DATA EXTRACT section start
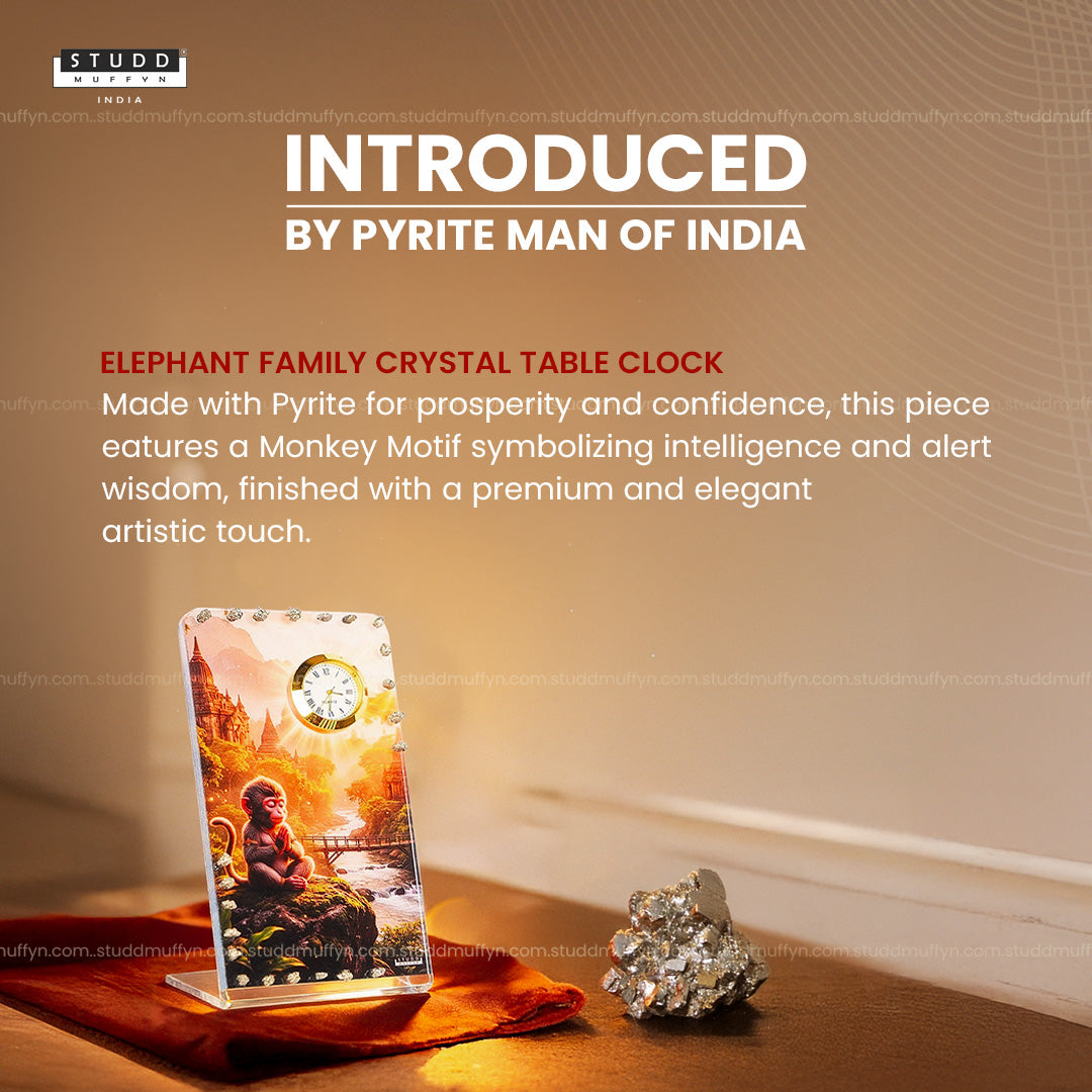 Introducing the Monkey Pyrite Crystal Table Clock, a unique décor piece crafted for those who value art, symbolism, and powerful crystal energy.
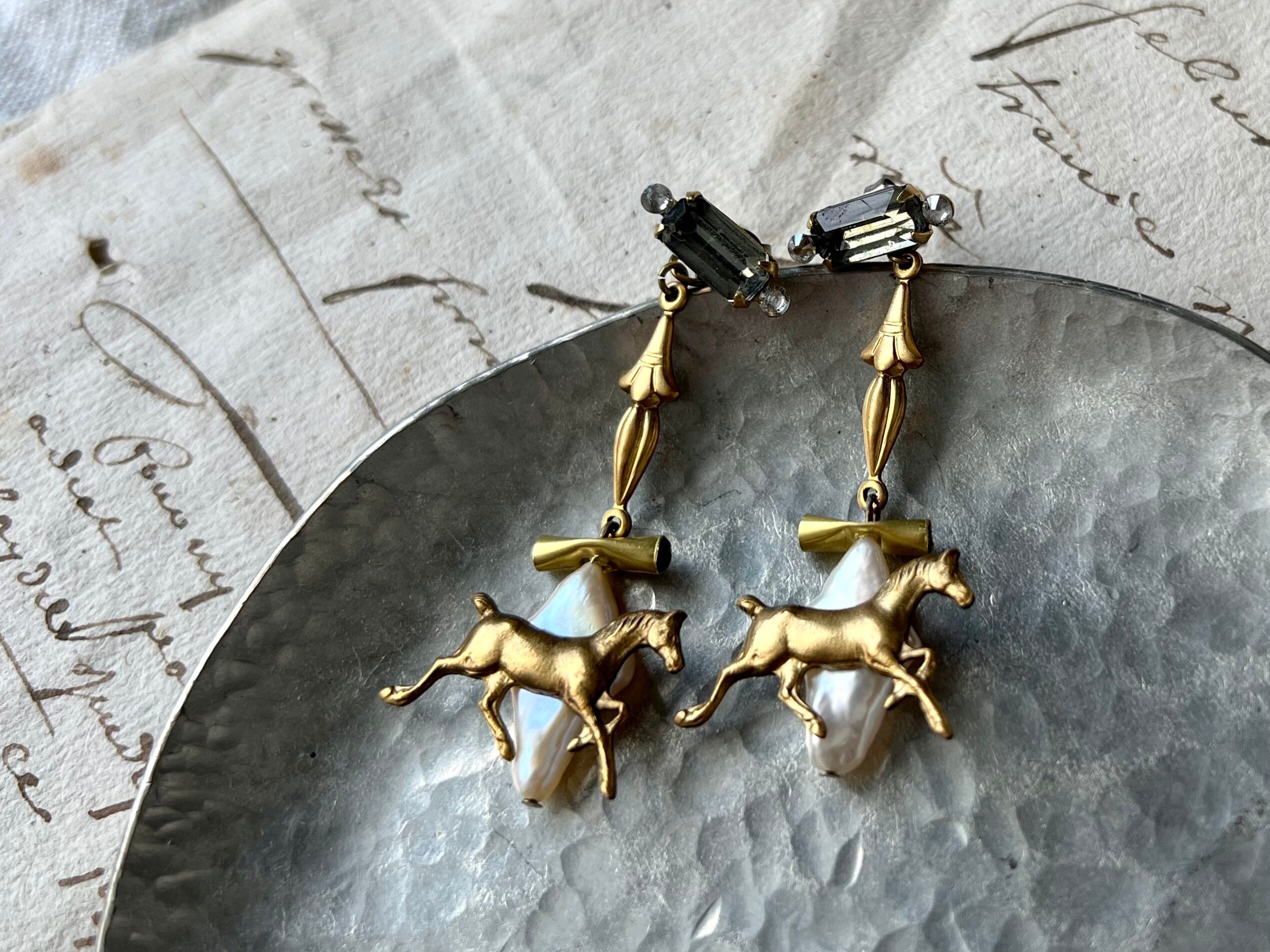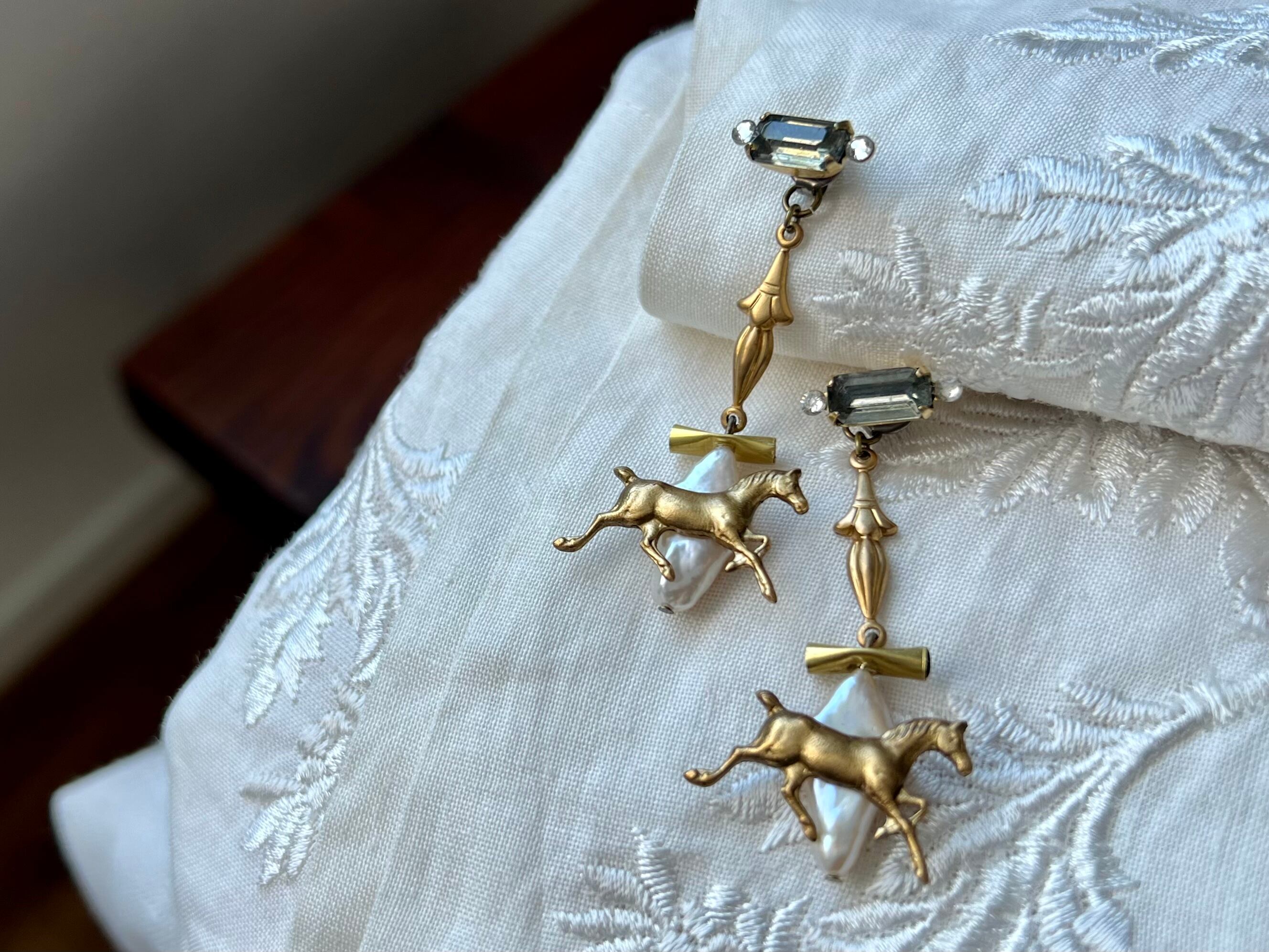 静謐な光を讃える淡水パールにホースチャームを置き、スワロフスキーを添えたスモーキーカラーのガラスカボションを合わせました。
DATA EXTRACT section end
DATA EXTRACT section start
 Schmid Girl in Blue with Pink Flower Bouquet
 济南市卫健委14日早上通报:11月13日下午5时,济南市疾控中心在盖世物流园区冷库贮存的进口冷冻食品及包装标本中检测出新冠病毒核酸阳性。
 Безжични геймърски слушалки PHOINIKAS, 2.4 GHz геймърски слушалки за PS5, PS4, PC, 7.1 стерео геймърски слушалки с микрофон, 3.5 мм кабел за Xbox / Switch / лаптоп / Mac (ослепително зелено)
DATA EXTRACT section end
DATA EXTRACT section start
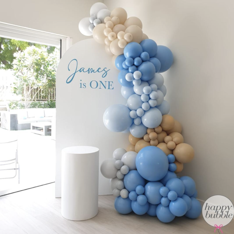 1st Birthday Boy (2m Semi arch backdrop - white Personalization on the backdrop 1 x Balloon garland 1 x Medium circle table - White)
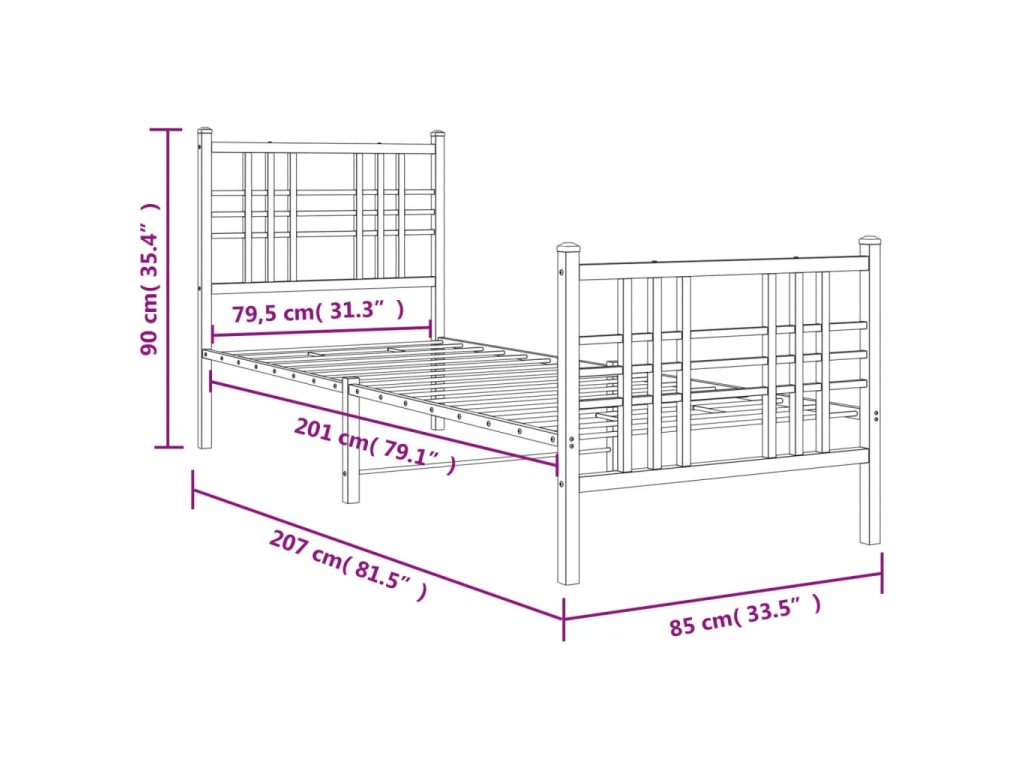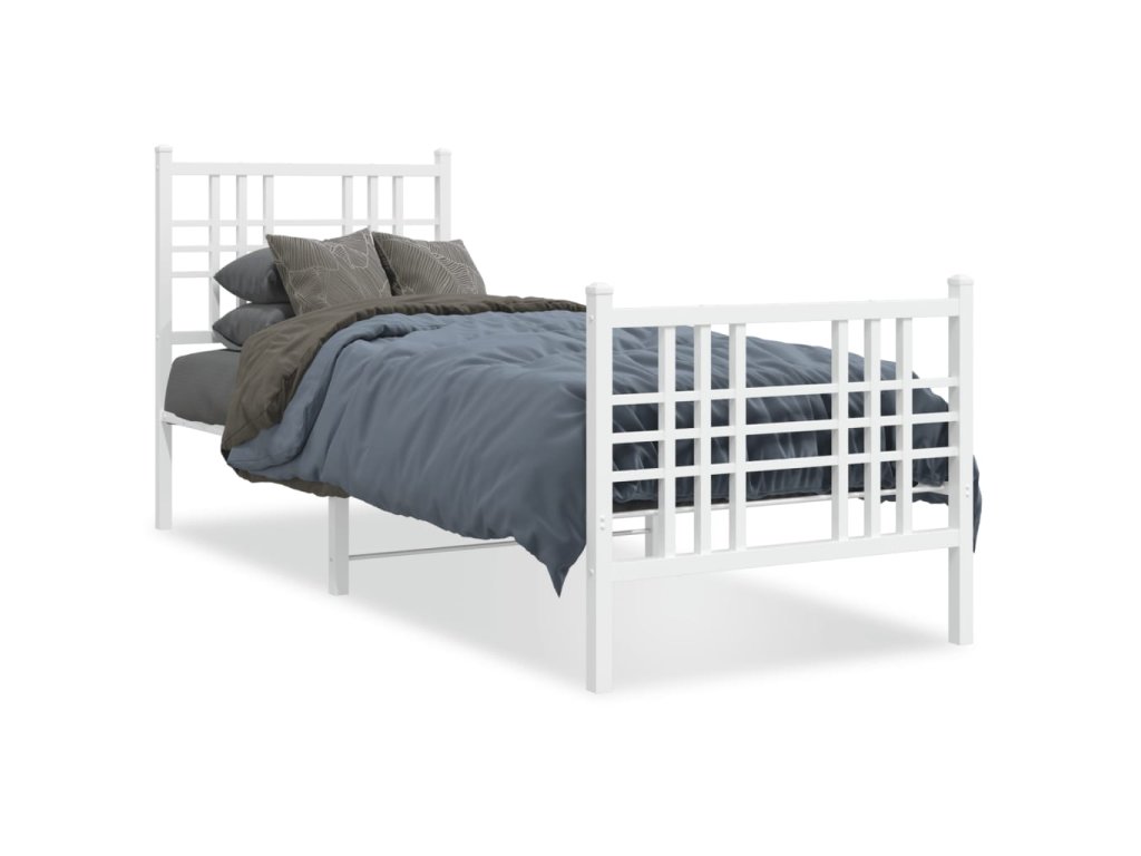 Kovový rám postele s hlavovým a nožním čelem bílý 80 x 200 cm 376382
DATA EXTRACT section end
**HOW TO COMPLETE THIS TASK**
Look above for the line with "1st Birthday Boy" and copy exactly from it through the line with "Kovový rám postele", both included. Omit the pictures.

**ANSWER BOX**
 1st Birthday Boy (2m Semi arch backdrop - white Personalization on the backdrop 1 x Balloon garland 1 x Medium circle table - White)
 Kovový rám postele s hlavovým a nožním čelem bílý 80 x 200 cm 376382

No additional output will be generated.